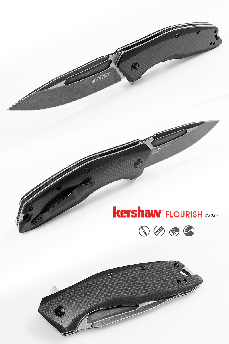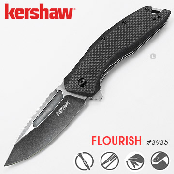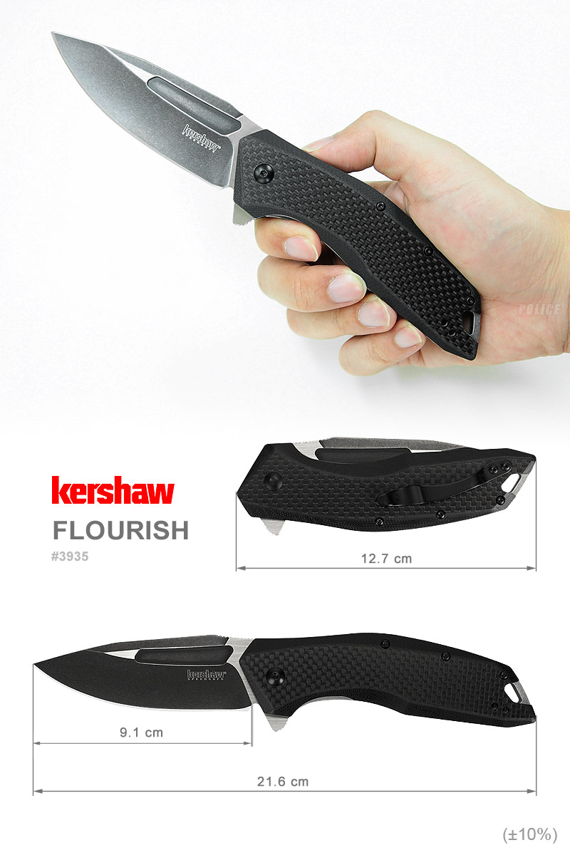 ※本產品說明,僅供參考,請勿作為正式採購招標規格,如有需要,請來電我司洽詢相關業務人員。 ※以下原廠提供參考數據。 品名:Kershaw FLOURISH 折刀 型號:#3935 鋼材:8Cr13MoV 鋼,表面黑色氧化、拉絲塗層 握材:G-10,表面碳纖維疊層 刀刃長(±10%):9.1 cm 收合長(±10%):12.7 cm 開啟長(±10%):21.6 cm 重量(±10%):153 g • 繫繩孔 • SpeedSafe ® 快速開啟系統 • 內襯鎖定 • 鰭狀撥桿 • 背夾位置可調整 (左/右方) ※未滿18歲 兒童及少年,請勿購買刀械。 製圖日期:2017.08.16
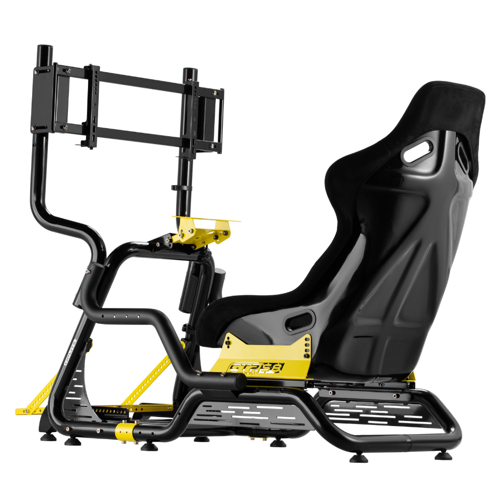 Le Cockpit de simulation GTR S8 YELLOW combine les dernières avancées technologiques de la marque en matière de Simracing et un design intemporel inspiré de l’univers de la compétition. Sa structure tubulaire en acier carbone haute densité avec un diamètre de 48 mm garantit une rigidité optimale, et les plaques de montage assurent une compatibilité totale avec les solutions des plus grandes marques telles que Fanatec®, Moza®, Thrustmaster®, Logitech®, Turtle Beach® ou Asetek®. Doté de nombreuses options de réglage, ce cockpit offre un poste de pilotage ergonomique adapté à divers modes de conduite, GT, Drift, F1 et Rallye.
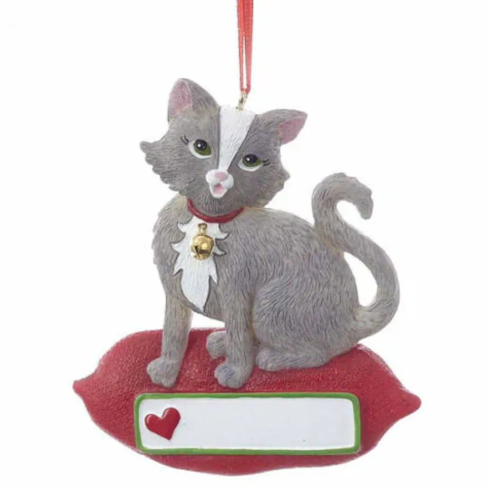 Cat On Pillow Ornament, A1840, Kurt Adler For Personalization With A Sharpie Pen Or Marker Resin
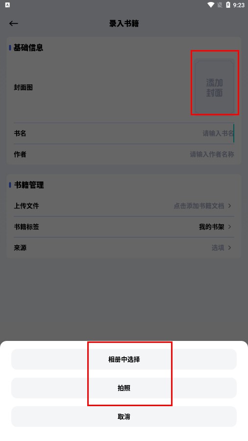 2、在錄入書籍頁面,點(diǎn)擊【添加封面-按鈕】,選擇從相冊里選擇或拍照來添加封面。
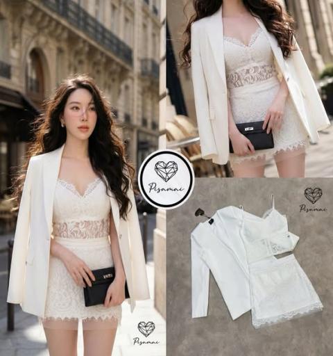 New Arrivals by PISAMAI  Ceo look แบบเฟียสๆ แบบสับ คอลใหม่ล่าสุด ทำมาให้แล้วค่า ได้ทั้งเซ็ต 3 ชิ้น แมทมาให้แล้ว สวยมากกกกกกก ต้องทัน !  Size  :: S M L XL Detail :: เซ็ตเสื้อคอปสายเดี่ยวบราลูกไม้สีขาว มาคู่กับกระโปรงสอบตัวสั้นคุลมลูกไม้ฉลุ พร้อมเบเซอร์เข้าทรงสวย สง่า เฟียสๆ แกรมๆ ได้ไม่ซ้ำใคร ต้องมีเลยค่า Color :: 1 color ( สีตามรูปงานจริง )  การันตรีงานคุณภาพ คัดติ้งประณีต ใส่ใจทุกรายละเอียดอย่างดี Size ( ขนาดโดยประมาณ  +1/-1 นิ้ว  ) S :: 32/26/36 “ M :: 34/28/38 ” L :: 36/30/40 “ Xl::38/32/42 ความยาวเสื้อ :: 19 นิ้ว ความยาวกระโปรง :: 15.5นิ้ว ความยาวเสื้อสูท :: 28 นิ้ว |

--

Return the lines exactly as they stand, from the start of the entries through the line holding "2、在錄入書籍頁面,點(di"; omit the pictures.

 ※本產品說明,僅供參考,請勿作為正式採購招標規格,如有需要,請來電我司洽詢相關業務人員。 ※以下原廠提供參考數據。 品名:Kershaw FLOURISH 折刀 型號:#3935 鋼材:8Cr13MoV 鋼,表面黑色氧化、拉絲塗層 握材:G-10,表面碳纖維疊層 刀刃長(±10%):9.1 cm 收合長(±10%):12.7 cm 開啟長(±10%):21.6 cm 重量(±10%):153 g • 繫繩孔 • SpeedSafe ® 快速開啟系統 • 內襯鎖定 • 鰭狀撥桿 • 背夾位置可調整 (左/右方) ※未滿18歲 兒童及少年,請勿購買刀械。 製圖日期:2017.08.16
 Le Cockpit de simulation GTR S8 YELLOW combine les dernières avancées technologiques de la marque en matière de Simracing et un design intemporel inspiré de l’univers de la compétition. Sa structure tubulaire en acier carbone haute densité avec un diamètre de 48 mm garantit une rigidité optimale, et les plaques de montage assurent une compatibilité totale avec les solutions des plus grandes marques telles que Fanatec®, Moza®, Thrustmaster®, Logitech®, Turtle Beach® ou Asetek®. Doté de nombreuses options de réglage, ce cockpit offre un poste de pilotage ergonomique adapté à divers modes de conduite, GT, Drift, F1 et Rallye.
 Cat On Pillow Ornament, A1840, Kurt Adler For Personalization With A Sharpie Pen Or Marker Resin
 2、在錄入書籍頁面,點(diǎn)擊【添加封面-按鈕】,選擇從相冊里選擇或拍照來添加封面。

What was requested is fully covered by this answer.